We recently got a CPT code for this that will actually be available in January of 2025, and that is where there is alignment because this is a task that clinicians traditionally are not very good at. That's awesome. So that's the second CPT code, I think, on the podcast, Raj. Abramoff was on the podcast a while back. He got a CPT code for his device. So, I think that makes total sense.

David, I wonder if I could get your thoughts on the cognitive dissonance sometimes in medical AI, specifically as it relates to commercialization. So, I think without a doubt, you, as you said, you have demonstrated the potential clinical and patient benefit of this technology. It works tirelessly. It never gets tired. It never goes on vacation. It's as accurate as the human equivalent. And yet there's this challenging value proposition that we have to make. How do we fix that?

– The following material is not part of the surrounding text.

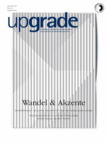 University for Continuing Education Krems is THE university for continuing education. Its courses are specifically oriented toward the needs of working professionals. The university offers exclusive master's programs and short courses in five areas of study. Serving 8,000 students and with 25,000 graduates from 90 countries, it is one of the leading providers of further education courses in Europe. University for Continuing Education Krems as a competence center for lifelong learning also provides an "upgrade" for your knowledge. The identically named magazine looks at trends of university continuing education and discusses topics of socio-political and educational relevance from various points of view, thus creating space for interdisciplinary approaches. "upgrade" is published 4 times a year. Furthermore, you will find our annual course program and research report as well as information brochures on this channel.

Like, cause that to me has always been one of, and I know that's like a very broad and big question. We had Vijay Pande on a couple weeks ago and asked him like a similar question. But like, this to me has always been like some of the tension, in medical applications for AI is that you can actually have the world's best product but there may not be an actual product market fit for that because of these like competing incentive structures.

Yeah, no, this is a really great question, and I think that a lot of companies in this space are struggling with that. I can't say that I have the solution. The hope is that if you create great clinical value, the business value will come. But definitely not having an M.B.A. and not necessarily having a large war chest to actually push forward a lot of kind of regulatory or kind of financial changes. The real hope is that eventually more and more people will use the product.

We'll see that it's valuable. And then there's more of a business case for its value. I wish I had a better answer. I think that's the best answer that anyone can give right now. I was just curious, given your lived experience of being on both the founder side of this and the clinician side of this, but I agree. It seems intractable. If I knew how to solve it, I probably wouldn't be behind this microphone right now, because it would be a huge opportunity.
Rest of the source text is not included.